За столом кроме самого Левина (жена, он предупредил, могла прийти поздно) Захар Ильич увидел виолончелиста Черняка рядом с незнакомой женщиной лет, пожалуй, сорока пяти, и, завёрнутый в огромный хозяйский халат, отчаянно застеснялся своего облачения. Разговор, как поневоле повелось в иных еврейских компаниях, шёл об эмиграции: о тех, кто уехал, кто собирается и кто «сидит в отказе». Для Черняка и Левина отъезд был вопросом времени, они подали бумаги и ждали ответа, гостья же, москвичка, потерпела неудачу уже на этой ступени из-за неладов с пятым пунктом анкеты, определявшим национальность: за границу отпускали одних чистокровных евреев, её же мать была украинкой, а отец — евреем лишь наполовину, по мужской линии, то есть — будто бы и не настоящим; у неё самой в паспорте и подавно значилось: русская.
— В точности, как в том анекдоте, — заметил Левин.
— Каких только анекдотов не выдумывают про евреев, — посетовал виолончелист невпопад, и Левин живо возразил:
— При чём тут это? В оригинале звучало так: он хохол, она узбечка, а сын — русский.

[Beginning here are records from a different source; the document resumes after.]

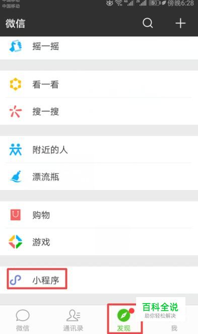 首先,我们打开我们的微信,然后我们点击发现,之后点击小程序;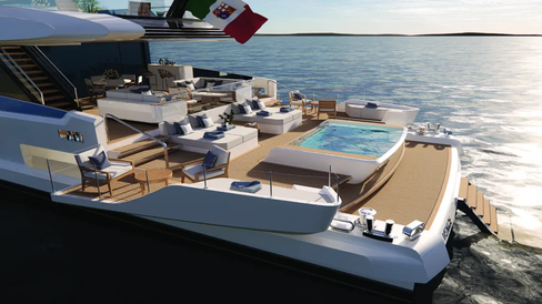 Điểm nhấn đặc biệt nằm ở đuôi tàu, nơi một beach club rộng rãi, sân hiên hướng biển, bệ mở có thể gập lại và một hồ bơi lớn sẽ mang đến những phút giây thư giãn tuyệt vời. Ở mũi tàu, khu vực salon sang trọng kiêm rạp chiếu phim ngoài trời mang đến trải nghiệm độc đáo. Không kém phần ấn tượng, boong tắm nắng trên NL 50 Plus thuộc hàng lớn nhất trong phân khúc, với cả bể sục Jacuzzi và hố đốt lửa. Chưa hết, garage chứa đồ chơi rộng rãi đủ chỗ cho xuồng 7 mét, xuồng dành cho thủy thủ đoàn và một kho đồ chơi dưới nước khổng lồ.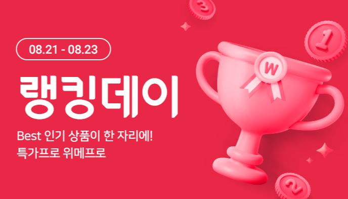 위메프 랭킹데이 할인 이벤트 위메프 랭킹데이 할인 이벤트 정보 포스팅입니다. 위메프 사이트에서 할인 이벤트를 진행하네요. 할인 품목 : 화장품, 의류, 식품 등 이벤트 기간 : 2022년 8월 21일 ~ 2022년 8월 23일 위메프 랭킹데이 할인 이벤트 정보 [링크] 핫딜/패션&스포츠 2022.08.21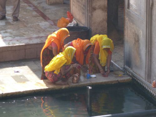Am Affentempel waschen sich die Frauen mit heiligem Wasser.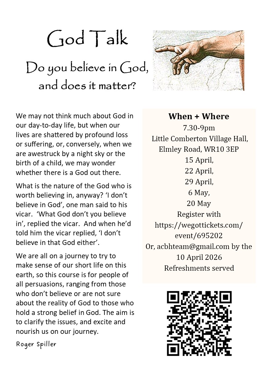 A series of five talks with Canon Roger Spiller commencing on the 15th April at The Village Hall in Little Comberton. Each session runs from 7.30pm to 9pm. See the attached poster for more details of how to sign up.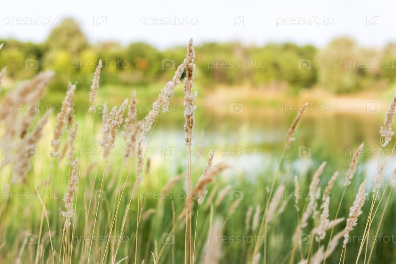 Пампасная трава на озере, тростник, семена тростника. Камыши на озере качаются на ветру на фоне голубого неба и воды

— Интересно, сохранится ли пятый пункт до конца света?
— Его отмена и будет концом света.
— Вообще-то конец света — это ночная авария на электростанции.
— После Чернобыля это больше не смешно.
При упоминании о Чернобыле Захар Ильич сжался, вспомнив о покойной жене, но тему не стали развивать, и он, пока не вступая в разговор, вернулся к прежней мысли о том, как часто что-то важное сводится в беседе к банальностям или вышучивается.

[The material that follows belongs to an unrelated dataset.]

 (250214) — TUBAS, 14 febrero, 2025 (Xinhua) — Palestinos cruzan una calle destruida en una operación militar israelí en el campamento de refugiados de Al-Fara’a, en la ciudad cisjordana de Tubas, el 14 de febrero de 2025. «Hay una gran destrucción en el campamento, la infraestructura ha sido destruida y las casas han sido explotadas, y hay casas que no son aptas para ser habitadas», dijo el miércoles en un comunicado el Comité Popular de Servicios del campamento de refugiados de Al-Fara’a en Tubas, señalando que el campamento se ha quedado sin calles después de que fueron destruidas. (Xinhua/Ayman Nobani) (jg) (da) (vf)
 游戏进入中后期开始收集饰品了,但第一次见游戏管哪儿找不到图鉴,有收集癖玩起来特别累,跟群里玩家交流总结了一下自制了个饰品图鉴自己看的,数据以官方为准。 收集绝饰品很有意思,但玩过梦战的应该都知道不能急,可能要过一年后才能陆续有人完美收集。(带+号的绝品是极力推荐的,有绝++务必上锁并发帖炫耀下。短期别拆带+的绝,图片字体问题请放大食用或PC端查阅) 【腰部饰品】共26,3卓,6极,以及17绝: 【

Нынешний сюжет был не нов и в нескольких словах звучал так: один рвётся прочь, но не может уйти, другой — может, но не рвётся. Второй случай он принимал на свой счёт, оттого что, решив уехать, стал неожиданно для самого себя выдумывать всё новые отсрочки, жалея бросать свой класс: без учеников он оставался один на свете. Это было больное место Захара Ильича, и его неприятно изумила решимость нынешней москвички, готовой пуститься в дорогу в одиночку — незнамо куда и зачем.